Cellectis Reports $211M Cash Runway Into H2 2027 and 100% ORR in Phase 2 Trial
Cellectis ended 2025 with $211 million in cash, equivalents and fixed-term deposits, securing financing into H2 2027 for its CAR-T pipeline. Its pivotal Phase 2 BALLI-01 trial for lasme-cel achieved 100% ORR in the target population with all patients becoming transplant-eligible and an interim analysis due in Q4 2026.
1. Full Year 2025 Financial Results
Cellectis closed 2025 with $211 million in cash, cash equivalents and fixed-term deposits, including $144.8 million in fixed-term deposits and $4.4 million in restricted cash, providing funding into the second half of 2027 and underpinning its ongoing clinical development.
2. Lasme-cel Phase 2 Interim Analysis and BLA Timeline
The pivotal Phase 2 BALLI-01 trial in relapsed or refractory B-ALL follows Phase 1 data showing 83% ORR at the RP2D and 100% ORR with universal transplant eligibility in the target cohort; the first interim analysis is expected in Q4 2026, with a Biologics License Application planned for 2028.

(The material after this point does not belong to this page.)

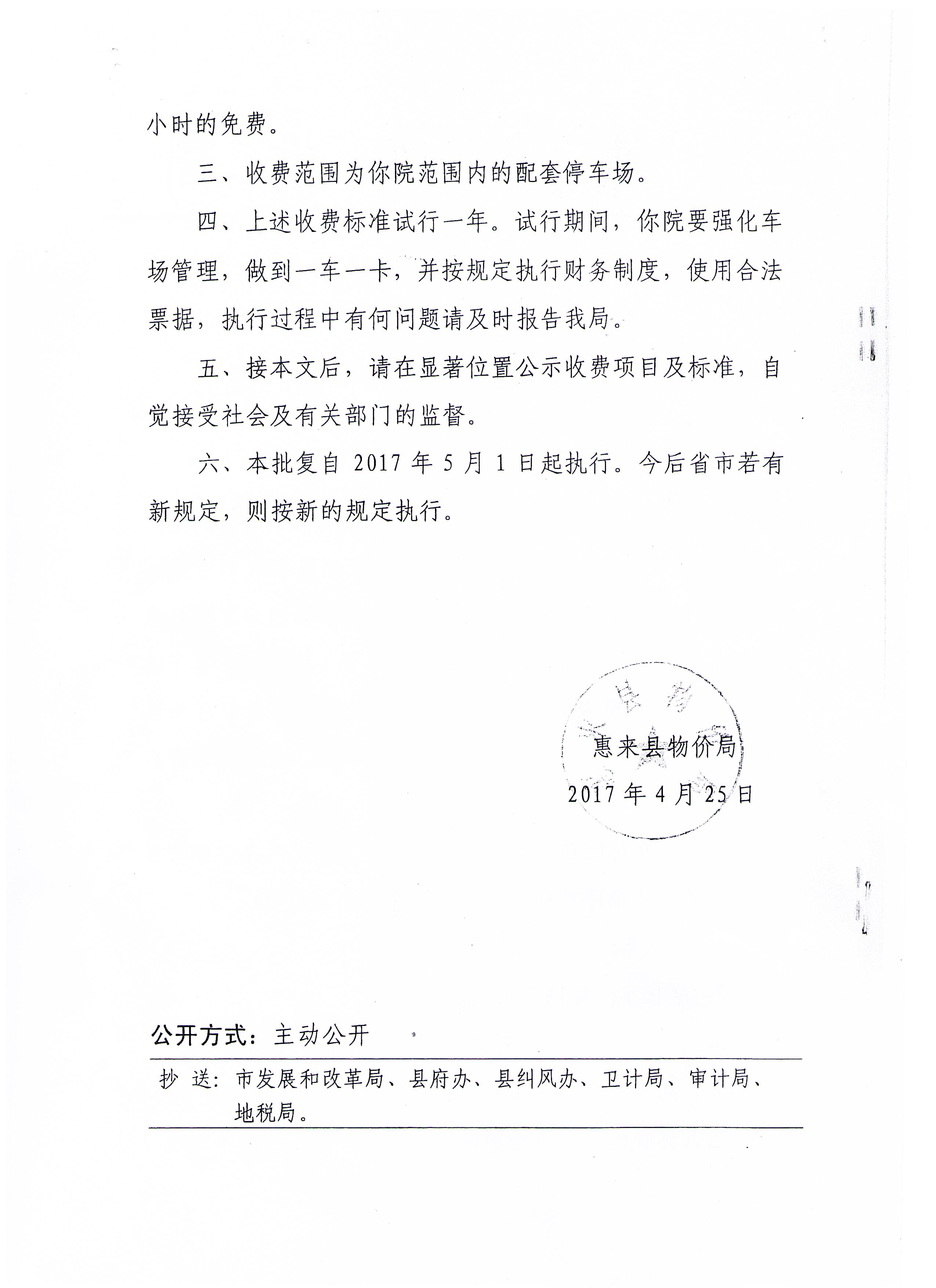 关于县人民医院停车收费问题的批复 惠价函[2017]1号 2.jpg

3. Eti-cel Phase 1 Trial in r/r NHL
In the NATHALI-01 Phase 1 study for relapsed or refractory NHL, eti-cel achieved an 88% overall response rate and 63% complete response rate at the current dose level among patients with prior CD19 CAR-T exposure; an IL-2 combination cohort is now enrolling and full data are anticipated in Q4 2026.

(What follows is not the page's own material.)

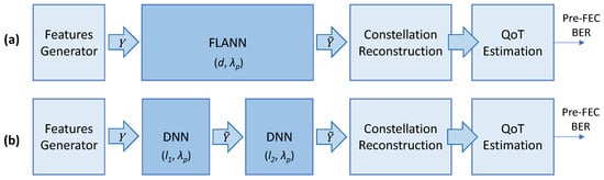 For illustrative purposes, Figure 3 shows the building blocks for the QoT estimation of the lightpath represented in Figure 1 that traverses two optical spans, each of 80 km. In Figure 3a, the FLANN end-to-end model predicts the features of the signal at the receiver in Site Z after the signal propagates on λp along d km. The constellation reconstruction block estimates the features of the nonpropagated CPs, and the QoT estimation block predicts the pre-FEC BER. In Figure 3b, two span DNN models trained to signal propagation on λp along l1 and l2 km are concatenated to model the end-to-end lightpath. All the blocks except the models themselves are common for both approaches.

4. Collaborations and Preclinical Advances
Cellectis is collaborating with Servier through Allogene on the ALPHA3 randomized Phase 2 consolidation trial in LBCL, with an interim futility analysis on MRD clearance planned for April 2026, and advancing joint research with AstraZeneca; preclinical work on cssDNA templates and TALE base editors has demonstrated over 40% knock-in efficiency and precise C-to-T editing without off-target effects.